━━ RECORDS PROVIDED

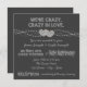 Rustikale Landtafelhochzeits-Einladungsschwarzweiss-schablone. Diese weissen Hochzeitseinladungen haben zwei verflochtene Herzen und "wir sind verrückt. verrückt in der Liebe." Proklamation sowie der traditionelle "heilige Ehestand". Diese einfache und traditionelle Tafelhochzeitseinladung fügt eine Touch der altmodischen Gesundheit hinzu!
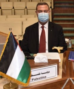 ترأس وفد دولة فلسطين سفير دولة فلسطين بالقاهرة ومندوبها الدائم لدى الجامعة العربية دياب اللوح، ، وضم الوفد السفير المناوب لدى الجامعة العربية مهند العكلوك، ومستشار أول مندوبية فلسطين بالجامعة العربية تامر الطيب .
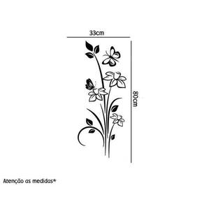 Adesivo de parede floral Medida: 33 x 80 cm As imagens anunciadas são ilustrativas Tamanho do adesivo O adesivo da foto parece grande Então atenção: O modelo que está na foto não se refere ao tamanho do adesivo anunciado. deixamos o adesivo grande para que você possa visualizar melhor o produto que está comprando
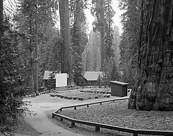 The first development in the Giant Forest took place in 1899, when a tent camp was set up in the grove. A road reached the site in 1903, and more permanent development followed. The first lodge was built in 1915. In 1921 the Sequoia and General Grant National Parks Company erected the primary lodging area next to Round Meadow, the first area to be called "Giant Forest Lodge". The same year, Camp Kaweah was established to provide additional capacity. By 1926, a study commissioned by the Park Service indicated that the development was adversely affecting the trees. The following year the park superintendent, Colonel John White, first proposed the removal of the development. However, the concessioner was able to intervene with the director of the Park Service, and White was overruled. He was, however, able to impose limits on guest accommodations, the first such limits in the National Park system.[2][3] In 1962 and 1965 two reports indicated that the hydrology of the area had been affected by development, and that the fire suppression made necessary by the proximity of buildings had created an unfavorable environment for new sequoia growth. Additionally, the influential Leopold Report on national park development, written by nature conservationist A. Starker Leopold, specifically criticized the Giant Forest development.[4] By 1971 the park's master plan called for the reduction of human impact in the Giant Forest. By 1980 a consensus had developed for the relocation of the recreational facilities.[5]
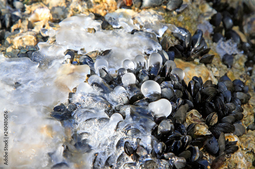 shanghai, mussel, shell, black, biological, ecological, ice, rock, sea, winter, cold, nature, environment, closeup
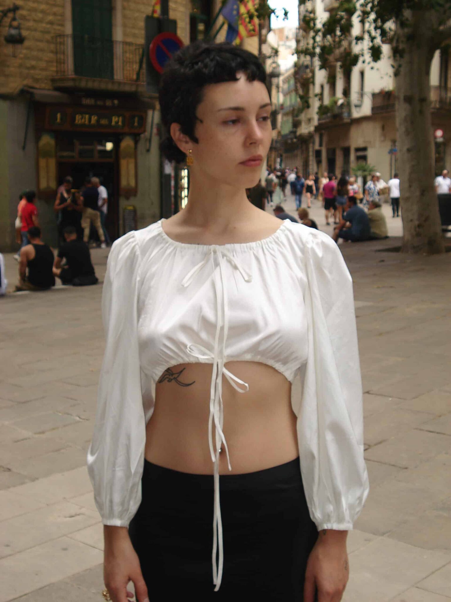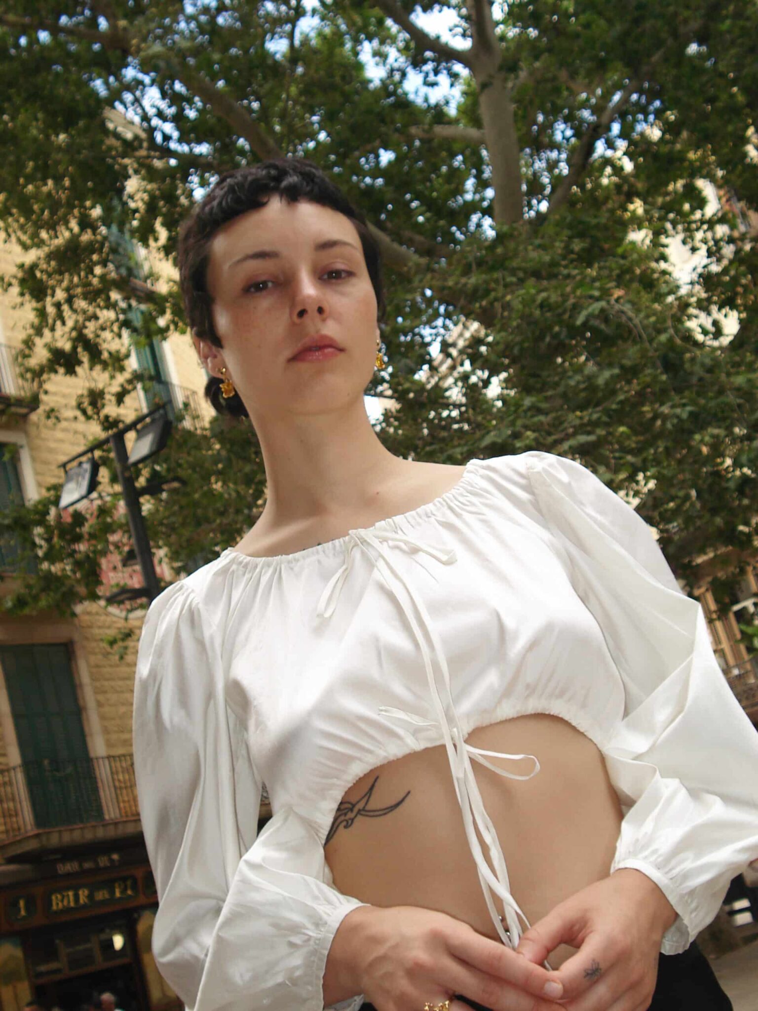 The Lupe blouse by Hai is crafted from soft, textured dupion silk that gathers at the neckline and waist with string adjustment to tighten or loosen its silhouette as you like.
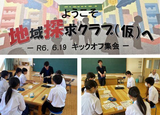 令和8年度から開校する西都中では、新たな文化系活動の一環として、地域主導の「地域探究クラブ」の活動が構想されています。その試みとして本年度より希望者を募り、同クラブの活動がスタートする運びとなりました。現在のところ、2・3年生7名が応募してくれ、6月19日に活動がスタートしました。
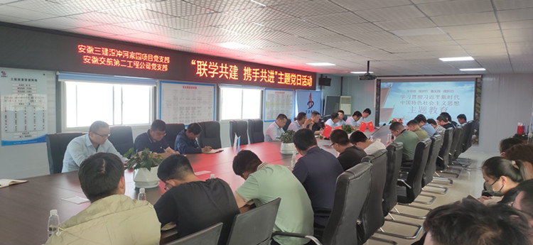 為扎實推進(jìn)學(xué)習(xí)貫徹習(xí)近平新時代中國特色社會主義思想主題教育,進(jìn)一步提升黨建與項目生產(chǎn)經(jīng)營工作深度融合,5月23日下午,安徽三建潭沖河家園項目黨支部聯(lián)合安徽交航第二工程公司黨支部在共同施工的潭沖河家園項目開展“聯(lián)學(xué)共建 攜手共進(jìn)”主題黨日活動。安徽三建四公司、交航二公司黨政負(fù)責(zé)人及項目黨員、部分項目骨干30余人參加活動。

━━━━

EXERCISE REQUIREMENTS = Transcribe exactly the lines above, beginning at the one with "ترأس وفد دولة" and going up to and including the one with "Adesivo de parede". Pictures do not belong in the copy.

OUTPUT BELOW =
 ترأس وفد دولة فلسطين سفير دولة فلسطين بالقاهرة ومندوبها الدائم لدى الجامعة العربية دياب اللوح، ، وضم الوفد السفير المناوب لدى الجامعة العربية مهند العكلوك، ومستشار أول مندوبية فلسطين بالجامعة العربية تامر الطيب .
 Adesivo de parede floral Medida: 33 x 80 cm As imagens anunciadas são ilustrativas Tamanho do adesivo O adesivo da foto parece grande Então atenção: O modelo que está na foto não se refere ao tamanho do adesivo anunciado. deixamos o adesivo grande para que você possa visualizar melhor o produto que está comprando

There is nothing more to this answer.